**WHAT THE TASK ASKS:** The lines you return must be all those in the data that hold the string "desk".

BEGIN

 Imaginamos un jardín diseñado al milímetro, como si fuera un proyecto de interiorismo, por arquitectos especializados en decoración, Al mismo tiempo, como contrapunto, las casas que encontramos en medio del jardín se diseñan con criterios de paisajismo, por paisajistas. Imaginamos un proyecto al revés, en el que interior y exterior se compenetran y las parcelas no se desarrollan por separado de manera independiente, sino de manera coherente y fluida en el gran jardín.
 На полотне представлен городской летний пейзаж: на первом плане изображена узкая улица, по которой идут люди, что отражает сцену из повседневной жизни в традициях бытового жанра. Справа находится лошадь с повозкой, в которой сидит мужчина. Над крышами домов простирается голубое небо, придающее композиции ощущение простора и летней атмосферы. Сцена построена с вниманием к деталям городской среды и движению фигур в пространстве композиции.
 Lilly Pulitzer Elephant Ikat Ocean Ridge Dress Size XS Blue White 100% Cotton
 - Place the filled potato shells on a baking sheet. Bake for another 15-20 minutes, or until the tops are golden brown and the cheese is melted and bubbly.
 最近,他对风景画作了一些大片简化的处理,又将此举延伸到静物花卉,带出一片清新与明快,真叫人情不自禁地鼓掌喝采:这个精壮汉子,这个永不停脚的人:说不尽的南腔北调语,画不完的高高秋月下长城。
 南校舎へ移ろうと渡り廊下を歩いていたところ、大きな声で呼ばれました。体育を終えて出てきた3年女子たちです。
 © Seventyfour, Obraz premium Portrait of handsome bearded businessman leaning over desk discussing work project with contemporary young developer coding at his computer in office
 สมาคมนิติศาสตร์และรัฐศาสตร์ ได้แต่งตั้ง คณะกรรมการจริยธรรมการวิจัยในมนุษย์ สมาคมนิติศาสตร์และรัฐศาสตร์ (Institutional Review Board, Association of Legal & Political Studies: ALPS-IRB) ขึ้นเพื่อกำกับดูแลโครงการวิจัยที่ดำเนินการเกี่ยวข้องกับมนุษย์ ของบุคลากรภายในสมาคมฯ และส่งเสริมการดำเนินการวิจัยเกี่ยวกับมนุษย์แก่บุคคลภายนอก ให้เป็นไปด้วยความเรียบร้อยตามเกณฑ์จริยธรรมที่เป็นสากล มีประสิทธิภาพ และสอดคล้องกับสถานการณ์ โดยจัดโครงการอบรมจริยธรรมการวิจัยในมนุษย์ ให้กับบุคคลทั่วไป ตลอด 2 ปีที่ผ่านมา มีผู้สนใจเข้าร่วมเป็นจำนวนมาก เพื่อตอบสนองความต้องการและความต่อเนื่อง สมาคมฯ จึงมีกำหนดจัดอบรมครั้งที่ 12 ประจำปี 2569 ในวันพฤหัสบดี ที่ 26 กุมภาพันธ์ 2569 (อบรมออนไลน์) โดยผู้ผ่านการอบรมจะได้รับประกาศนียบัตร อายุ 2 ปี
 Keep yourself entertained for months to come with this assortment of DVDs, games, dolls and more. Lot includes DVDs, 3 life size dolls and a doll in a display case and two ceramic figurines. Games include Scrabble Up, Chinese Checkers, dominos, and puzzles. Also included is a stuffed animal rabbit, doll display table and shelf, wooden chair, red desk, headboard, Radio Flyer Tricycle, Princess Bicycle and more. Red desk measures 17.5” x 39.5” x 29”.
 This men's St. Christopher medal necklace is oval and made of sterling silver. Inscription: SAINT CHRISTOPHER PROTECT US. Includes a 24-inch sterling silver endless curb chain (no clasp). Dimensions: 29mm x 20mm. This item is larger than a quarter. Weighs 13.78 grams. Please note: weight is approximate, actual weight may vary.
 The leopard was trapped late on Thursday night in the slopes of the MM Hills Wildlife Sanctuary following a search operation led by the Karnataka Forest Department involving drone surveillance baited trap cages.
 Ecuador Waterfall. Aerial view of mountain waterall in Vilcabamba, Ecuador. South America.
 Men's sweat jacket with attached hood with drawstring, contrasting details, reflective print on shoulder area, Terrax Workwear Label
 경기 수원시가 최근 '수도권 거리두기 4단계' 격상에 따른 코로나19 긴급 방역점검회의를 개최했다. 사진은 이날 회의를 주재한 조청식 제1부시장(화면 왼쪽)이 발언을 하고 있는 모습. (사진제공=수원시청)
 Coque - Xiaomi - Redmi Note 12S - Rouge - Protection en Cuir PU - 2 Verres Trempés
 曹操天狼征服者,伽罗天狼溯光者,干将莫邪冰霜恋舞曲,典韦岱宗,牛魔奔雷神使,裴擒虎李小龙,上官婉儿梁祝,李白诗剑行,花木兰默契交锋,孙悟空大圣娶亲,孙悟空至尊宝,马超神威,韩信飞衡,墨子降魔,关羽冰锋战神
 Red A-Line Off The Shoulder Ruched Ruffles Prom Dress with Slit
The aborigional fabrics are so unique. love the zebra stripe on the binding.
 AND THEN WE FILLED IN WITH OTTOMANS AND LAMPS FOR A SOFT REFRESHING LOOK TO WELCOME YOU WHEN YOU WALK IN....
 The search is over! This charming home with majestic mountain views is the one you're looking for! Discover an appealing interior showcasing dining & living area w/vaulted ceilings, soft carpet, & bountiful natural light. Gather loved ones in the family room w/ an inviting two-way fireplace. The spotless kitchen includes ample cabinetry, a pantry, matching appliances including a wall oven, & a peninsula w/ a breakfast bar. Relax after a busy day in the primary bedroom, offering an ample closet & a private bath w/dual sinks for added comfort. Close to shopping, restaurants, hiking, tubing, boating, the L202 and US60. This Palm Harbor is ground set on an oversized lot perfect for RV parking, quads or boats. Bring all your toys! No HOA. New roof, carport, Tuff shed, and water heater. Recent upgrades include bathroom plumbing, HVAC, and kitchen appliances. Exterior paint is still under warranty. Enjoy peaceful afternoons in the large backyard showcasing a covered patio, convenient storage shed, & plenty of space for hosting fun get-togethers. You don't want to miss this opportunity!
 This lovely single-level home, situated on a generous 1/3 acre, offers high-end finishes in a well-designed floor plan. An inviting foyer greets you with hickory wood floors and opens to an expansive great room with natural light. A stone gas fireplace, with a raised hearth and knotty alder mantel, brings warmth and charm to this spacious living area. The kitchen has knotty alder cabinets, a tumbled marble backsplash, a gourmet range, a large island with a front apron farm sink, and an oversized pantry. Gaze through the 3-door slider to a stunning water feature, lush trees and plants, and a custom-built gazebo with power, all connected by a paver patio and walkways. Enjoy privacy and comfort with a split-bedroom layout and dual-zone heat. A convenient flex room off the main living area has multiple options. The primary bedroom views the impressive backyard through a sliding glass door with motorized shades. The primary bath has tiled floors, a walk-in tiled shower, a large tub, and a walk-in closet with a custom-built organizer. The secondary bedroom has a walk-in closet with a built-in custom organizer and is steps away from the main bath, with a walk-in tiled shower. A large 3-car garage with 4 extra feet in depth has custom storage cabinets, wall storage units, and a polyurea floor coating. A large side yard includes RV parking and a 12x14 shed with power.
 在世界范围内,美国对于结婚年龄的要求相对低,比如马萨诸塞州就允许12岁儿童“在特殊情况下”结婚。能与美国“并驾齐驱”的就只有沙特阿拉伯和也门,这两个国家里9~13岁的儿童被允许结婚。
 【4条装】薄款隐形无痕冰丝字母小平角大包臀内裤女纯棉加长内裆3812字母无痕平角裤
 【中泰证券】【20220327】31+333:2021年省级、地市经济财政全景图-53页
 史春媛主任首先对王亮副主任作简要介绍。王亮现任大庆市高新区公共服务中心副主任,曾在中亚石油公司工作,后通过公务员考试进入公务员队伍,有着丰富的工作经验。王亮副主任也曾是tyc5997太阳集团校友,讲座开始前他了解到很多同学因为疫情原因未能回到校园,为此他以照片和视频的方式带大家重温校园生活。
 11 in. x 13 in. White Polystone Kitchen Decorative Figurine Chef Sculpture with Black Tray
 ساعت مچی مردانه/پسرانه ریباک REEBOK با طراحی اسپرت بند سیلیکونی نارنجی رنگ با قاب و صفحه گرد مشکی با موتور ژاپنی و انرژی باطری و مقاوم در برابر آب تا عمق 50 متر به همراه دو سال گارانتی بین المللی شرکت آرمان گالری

END

**EXERCISE RESULT:**
 © Seventyfour, Obraz premium Portrait of handsome bearded businessman leaning over desk discussing work project with contemporary young developer coding at his computer in office
 Keep yourself entertained for months to come with this assortment of DVDs, games, dolls and more. Lot includes DVDs, 3 life size dolls and a doll in a display case and two ceramic figurines. Games include Scrabble Up, Chinese Checkers, dominos, and puzzles. Also included is a stuffed animal rabbit, doll display table and shelf, wooden chair, red desk, headboard, Radio Flyer Tricycle, Princess Bicycle and more. Red desk measures 17.5” x 39.5” x 29”.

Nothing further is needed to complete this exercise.